### [WORKING DATA]
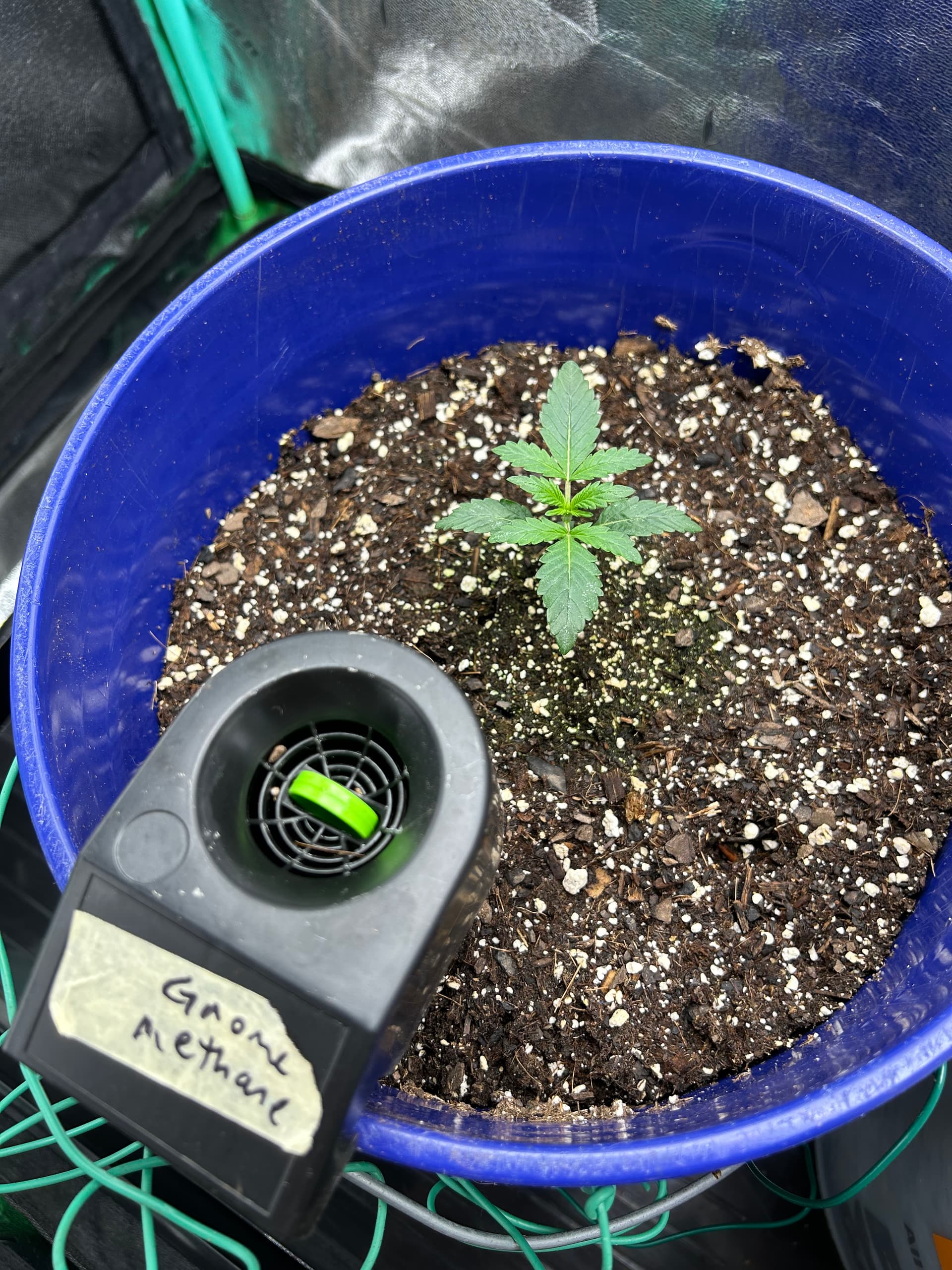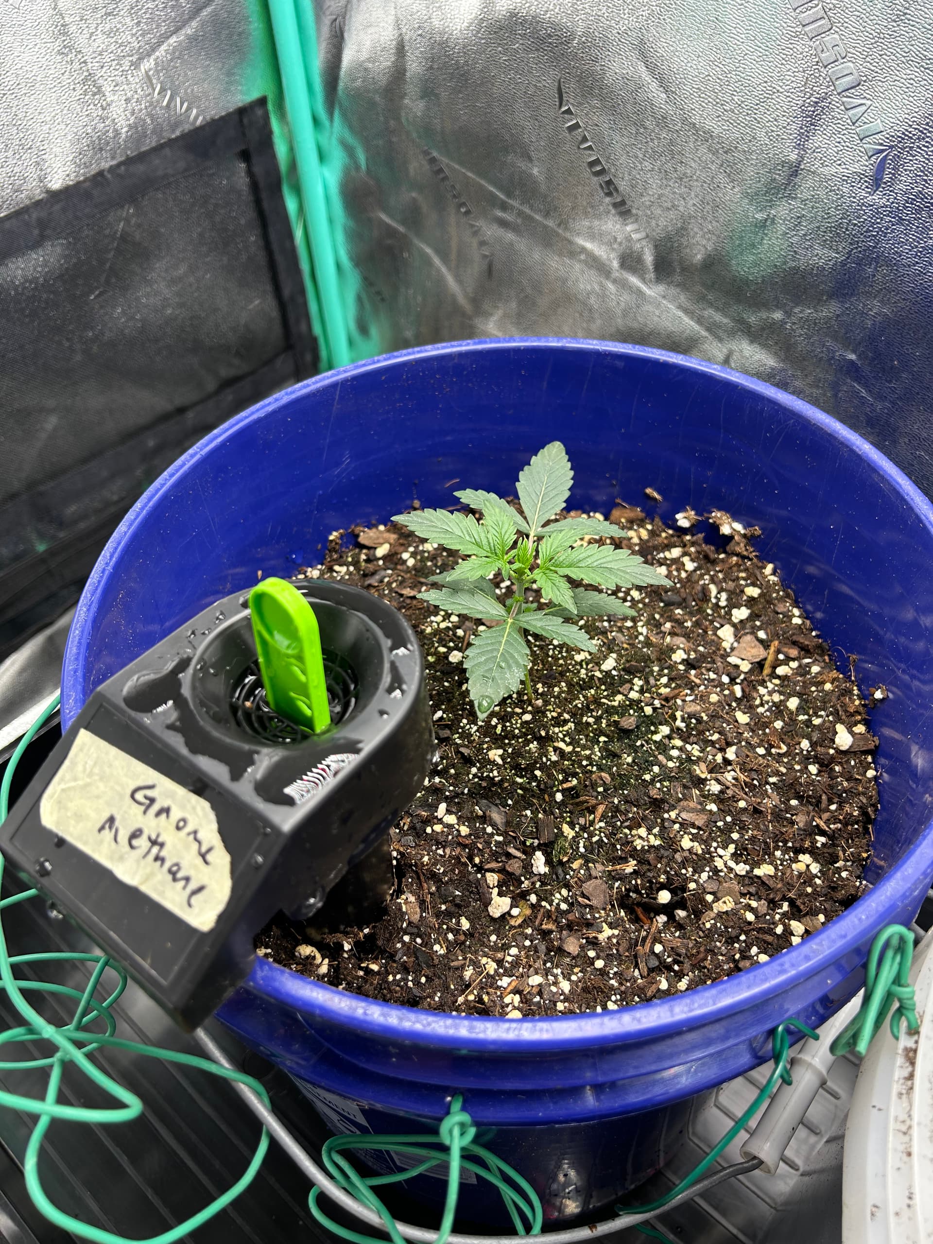 All is going along just fine with my little auto grow. I applied another dose of BBP (1.5 ml/4 oz rain water) this morning. @TheMadFlascher, thanks for your reply! I bet the rain water mix is the source of the white spots. Also, I crumbled up a chunk of mosquito dunk and sprinkled it around the top of the soil, as I’m seeing some little flies. Last and most important, I filled the reservoirs and not planning to top water any more!
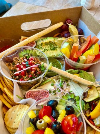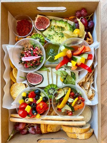 Snackt und probiert Euch durch den Abend – Die Zeitgeist Graze-Box enthält neben verschiedenen Crackern hausgemachte Dips, frische Salate, eine tolle Auswahl an italienischen Wurst- und Käsespezialitäten und natürlich viel Obst und knackiges Gemüse.
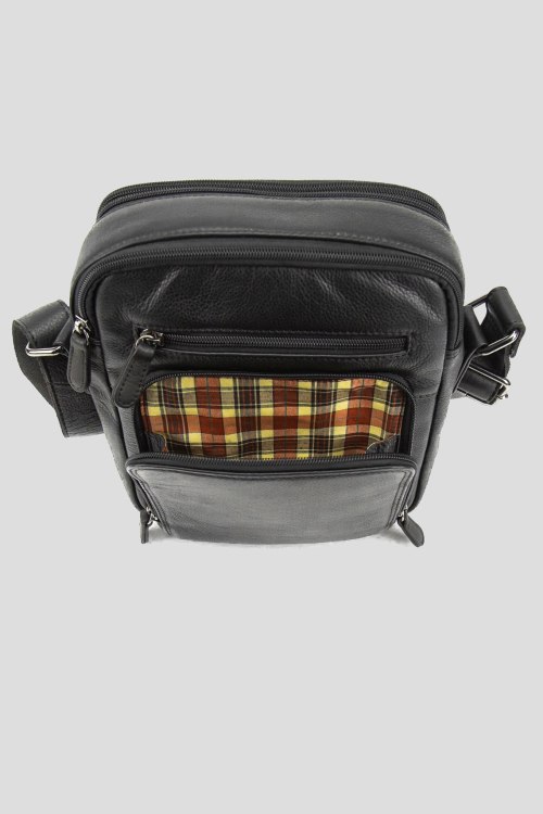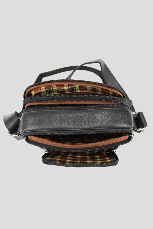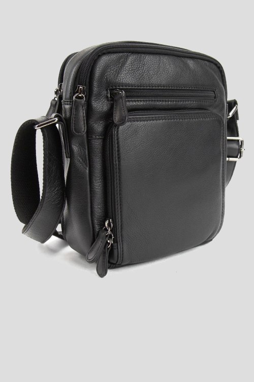 Детали: Мужская черная кожаная сумка-мессенджер от Tavinchi (Тавинчи). Два отделения, застежка на молнию, внешние карманы на молнии, регулируемый плечевой ремень. Измерения: 20 x 24,5 x 10 см
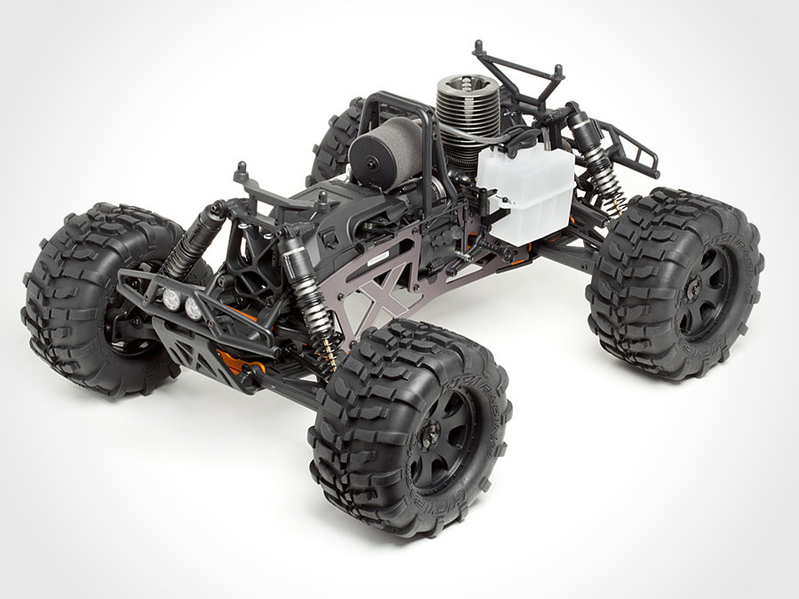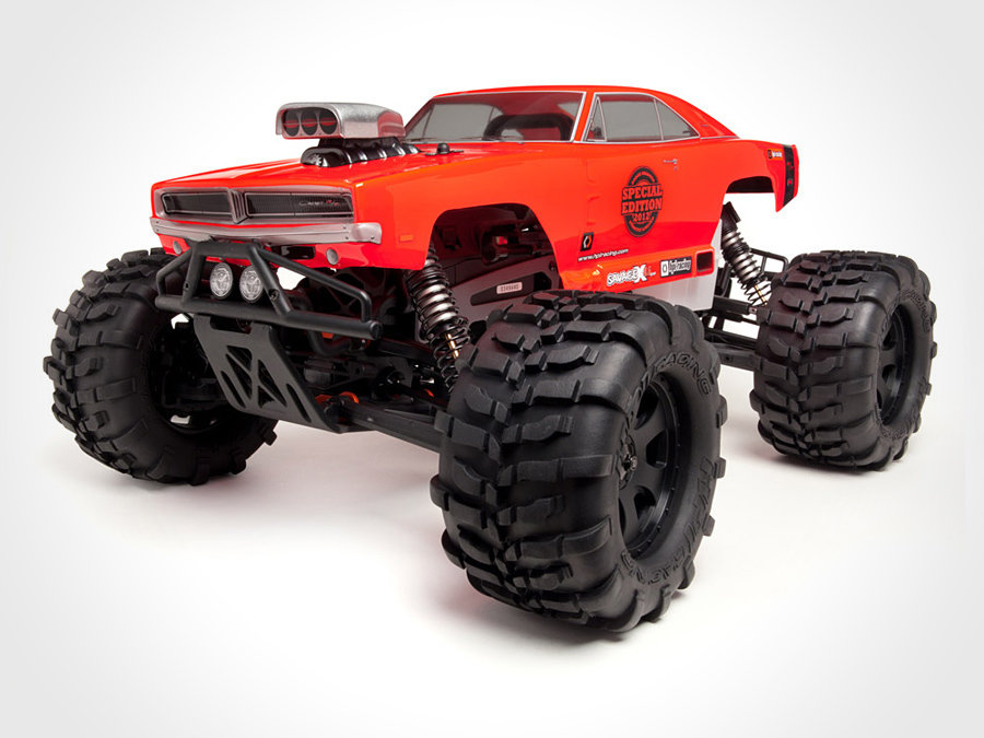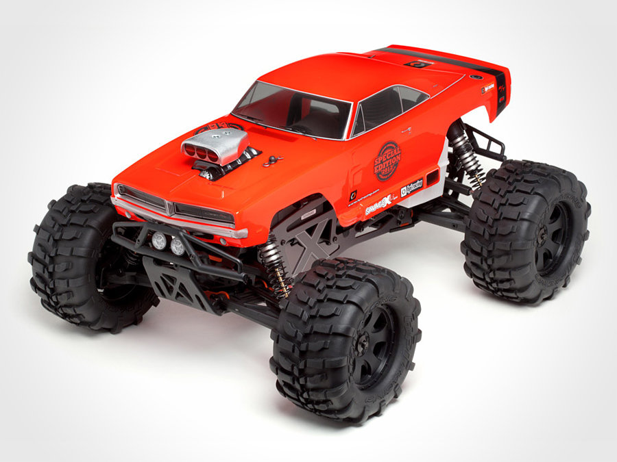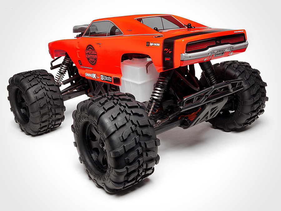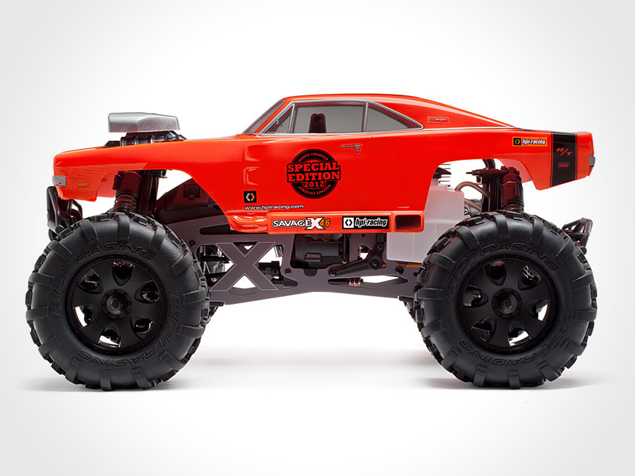 huge wheelies, big air stunts and going at extreme speed are pretty much made-believe stunts that you would see in Hollywood movies. trying those stunts not only put yourself and others at risk but it is most definitely going to wreck your precious ride and knocking out some trash cans and lamp posts in the process. instead, why not try those thrills that you dreamed of at a much smaller (and safer) scale – or 1/8 scale to be exact? say hello to HPI Racing Special Edition Savage X 4.6 RTR 2.4GHz radio control model truck cos’ this is the truck that’s going make your adrenalin pumping. it is 1/8 scale, so it is by no means small in terms of RC vehicles and it is powered by a Nitro Star 4.6 big block nitro engine that delivers nearly 3 horsepower screaming through all its four wheels, sending it to a top speed of 73 km/h (45 mph). this SE RC truck comes with an all-new Dodge Charger R/T shell, complete with a massive replica supercharger on its hood. the SE Savage has a limited production run of just 1000 units worldwide and each chassis is individually numbered. features expected include orange-anodized chassis parts, polished aluminum tuned pipe, aluminum Big Bore shocks with dual-stage springs, sintered bulletproof differential gears, dual fiber disc brakes, two-stage air filter, two-speed gearbox, black Warlock wheels, metal-gear steering servo and of course, the interference-free 2.4GHz radio system. the HPI Racing Special Edition Savage X 4.6 RTR comes fully assembled, so all you need is some nitro fuel and you are good to go. the HPI Racing Special Edition Savage X 4.6 RTR (Ready-to-Run) 2.4GHz with Dodge Charger will set you back at around £579.99 a set. tear past the jump for a small gallery.
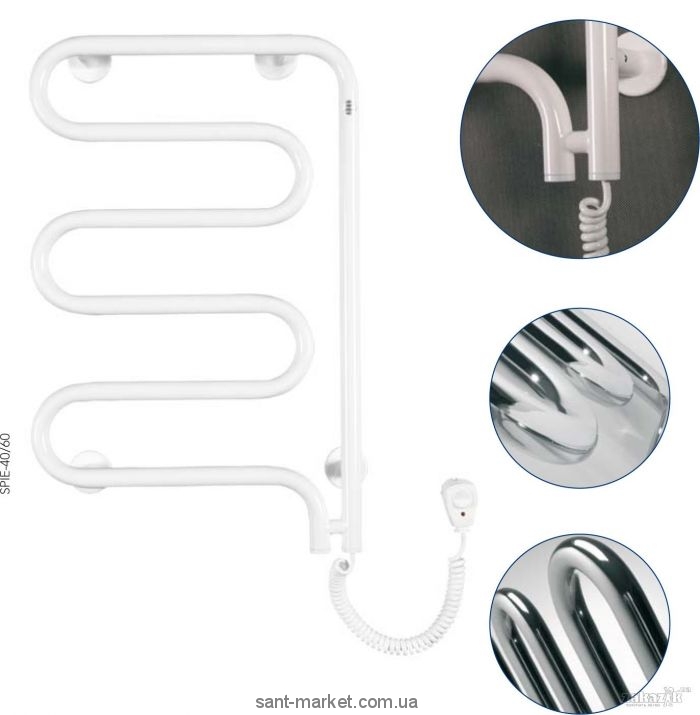 Электрический полотенцесушитель Instal-projekt Stick Electro 400х625х55 змейка белый SPIE-40/60RC35
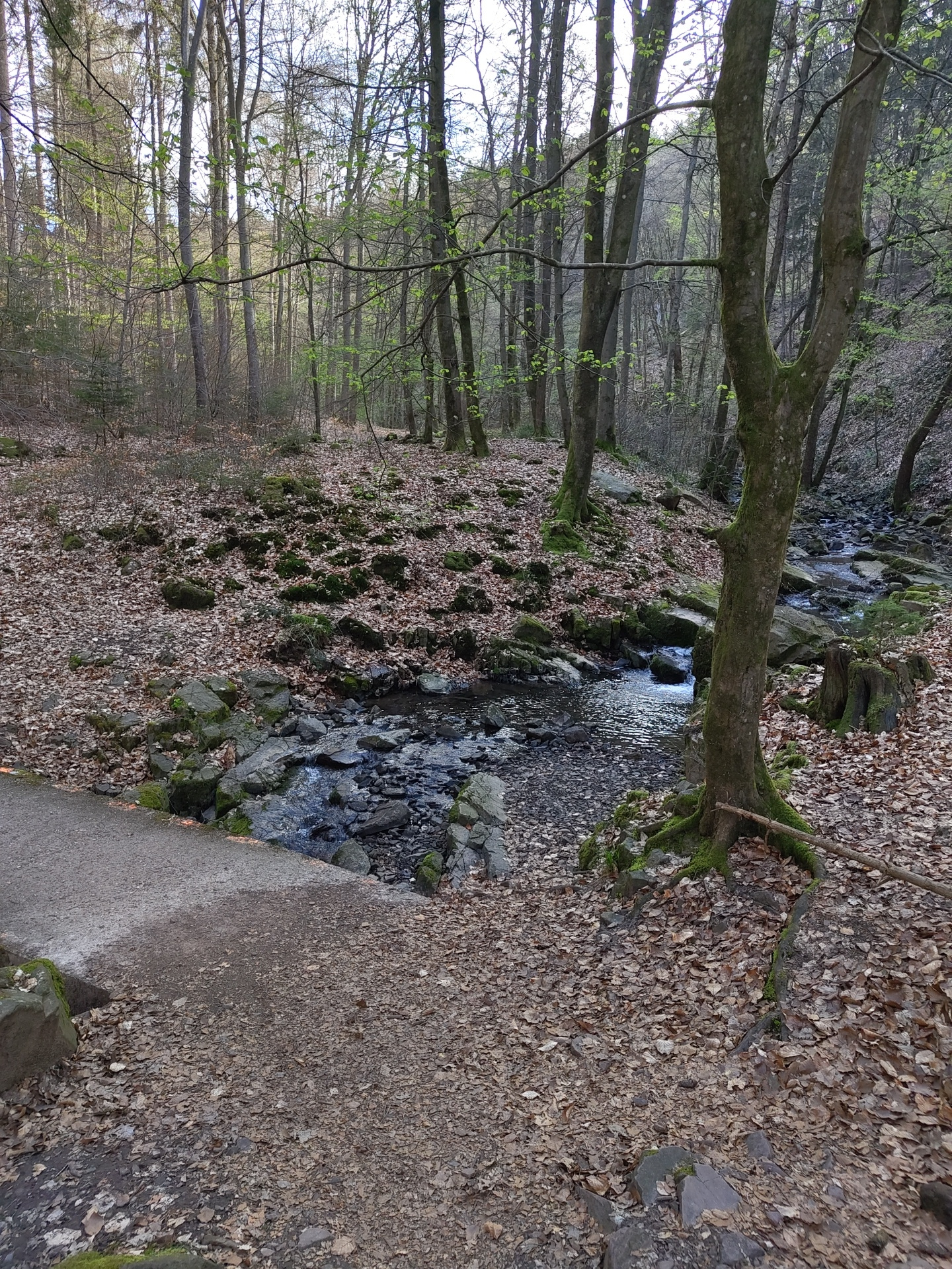The image captures a forest scene in Mettlach, Germany. A small stream runs through the center of the frame, lined with rocks and fallen leaves. Moss covers some of the rocks and tree trunks. Bare tre…read more
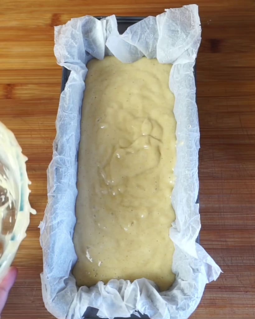 Transfer the banana bread batter into a loaf pan (12 inches) greased or lined with baking parchment.
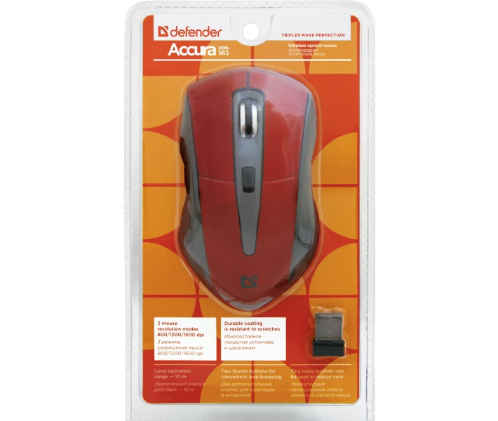 Збільшений радіус дії бездротового зв'язку забезпечує більшу свободу дій. Купити мишку комп'ютерну Defender Accura MM-965 Wireless Red (52966) ви можете, оформивши замовлення у нас на сайті, а також зателефонувавши на номер нашої гарячої лінії.
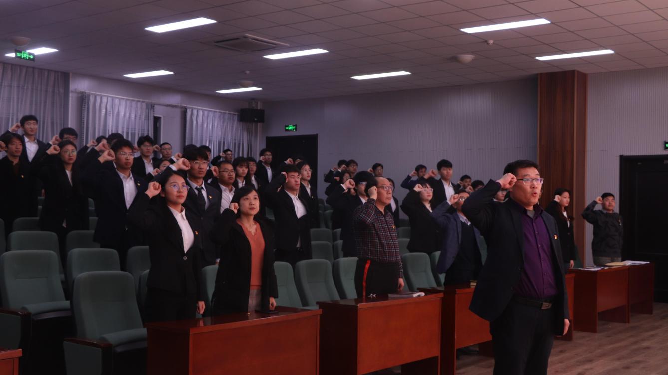 仪式上,孙立军代表学院党委向参加宣誓仪式的预备党员表示祝贺,并对新发展党员提出三项要求:一是要牢固树立党员意识,及时进行思想汇报,不断完善入党动机。二是要强化党员队伍建设,坚持把政治建设放在首位,学会用马克思主义观点分析问题。三是要讲规矩守纪律,规矩的工作和干事创业,发挥党员的先锋模范作用,培养爱国情怀。

### [WHAT THIS TASK INVOLVES]
At the line containing "Збільшений радіус дії", start reproducing exactly, and stop after the last line of the listing; include both ends, and leave the pictures out.

### [RESULT OF THE EXERCISE]
 Збільшений радіус дії бездротового зв'язку забезпечує більшу свободу дій. Купити мишку комп'ютерну Defender Accura MM-965 Wireless Red (52966) ви можете, оформивши замовлення у нас на сайті, а також зателефонувавши на номер нашої гарячої лінії.
 仪式上,孙立军代表学院党委向参加宣誓仪式的预备党员表示祝贺,并对新发展党员提出三项要求:一是要牢固树立党员意识,及时进行思想汇报,不断完善入党动机。二是要强化党员队伍建设,坚持把政治建设放在首位,学会用马克思主义观点分析问题。三是要讲规矩守纪律,规矩的工作和干事创业,发挥党员的先锋模范作用,培养爱国情怀。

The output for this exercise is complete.